Avoid using swap partitions to provide program execution efficiency.

In addition, set a reasonable pre-read buffer size, file system selection and configuration, and Istroke O scheduler selection, etc.

JVM parameter tuning

Because each service and task in Hadoop runs in a separate JVM, some important parameters of JVM also affect Hadoop performance. Administrators can improve Hadoop performance by adjusting the JVM FLAGS and JVM garbage collection mechanisms.

Hadoop parameter tuning

1. Rational planning of resources

Set a reasonable number of slots

In Hadoop, computing resources are represented by slots. There are two types of slot: Map Slot and Reduce Slot. Each slot represents a certain amount of resources, and the same slot is homogeneous, that is to say, the same slot represents the same amount of resources. Administrators need to configure a certain number of Map Slot and Reduce Slot for TaskTracker according to their actual needs, thus limiting the number of Map Task and Reduce Task executed concurrently on each TaskTracker.

Write a health monitoring script

Hadoop allows administrators to configure a node health monitoring script for each TaskTracker. TaskTracker contains a dedicated thread that periodically executes the script and reports the results of the script execution to JobTracker through a heartbeat mechanism. Once JobTracker discovers that a TaskTracker is currently in an "unhealthy" state, it is blacklisted and no more tasks are assigned to it.

two。 Adjust heartbeat configuration

Adjust the heartbeat interval because you appropriately adjust the heartbeat interval according to the size of your cluster.

Enable out-of-band heartbeat to reduce task assignment delays, Hadoop introduces out-of-band heartbeats. Different from the regular heartbeat, the out-of-band heartbeat is triggered when the task ends or fails, and it can notify JobTracker as soon as there are free resources, so that it can quickly assign new tasks to the idle resources.

In addition, it also includes disk block configuration, setting a reasonable number of RPC Handler and HTTP threads, careful use of blacklist mechanism, enabling batch task scheduling, selecting appropriate compression algorithm, enabling pre-reading mechanism, and so on.

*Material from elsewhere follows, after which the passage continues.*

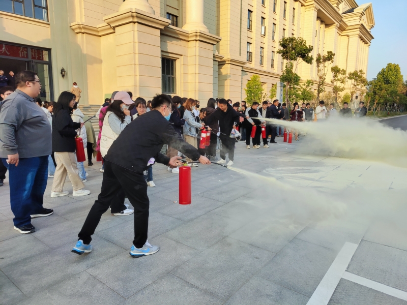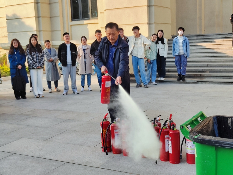 会后,全体师生参加了消防演练,保卫处副处长张俊峰一行三人莅临现场,对活动进行全程指导。保卫处老师现场展示和讲解了灭火器的可扑救的火灾类型,指导师生员工掌握使用灭火器扑灭火源规范操作。随后,通过模拟灭火体验,大家真实体验了扑灭火情的全过程,提高了师生应对突发火灾事件的应急处置能力。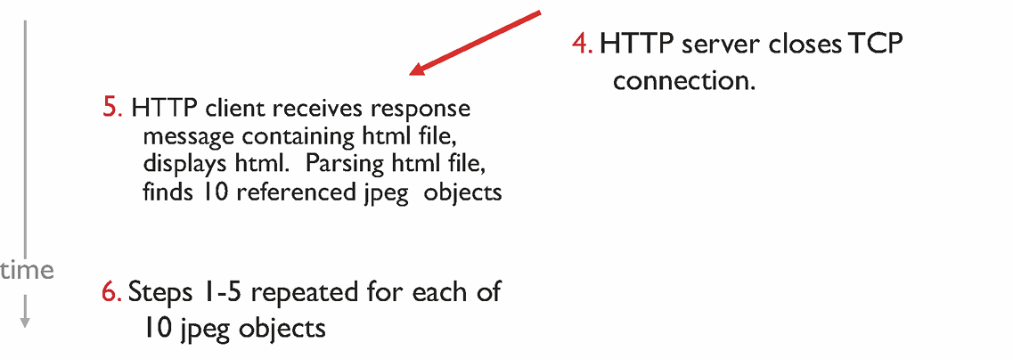 5. HTTP 클라이언트가 html 파일이 포함된 응답 메시지를 수신하고 html을 표시. html 파일을 파싱하여 10개의 참조된 jpeg 객체를 발견

Note: when the size of a cluster is small, if a certain number of nodes are frequently added to the system blacklist, the throughput and computing power of the cluster will be greatly reduced.

This is the end of the content of "what are the knowledge points of hadoop MapReduce". Thank you for your reading. If you want to know more about the industry, you can follow the website, the editor will output more high-quality practical articles for you!

Welcome to subscribe "Shulou Technology Information " to get latest news, interesting things and hot topics in the IT industry, and controls the hottest and latest Internet news, technology news and IT industry trends.

*The comments in the above article only represent the author's personal views and do not represent the views and positions of this website. If you have more insights, please feel free to contribute and share.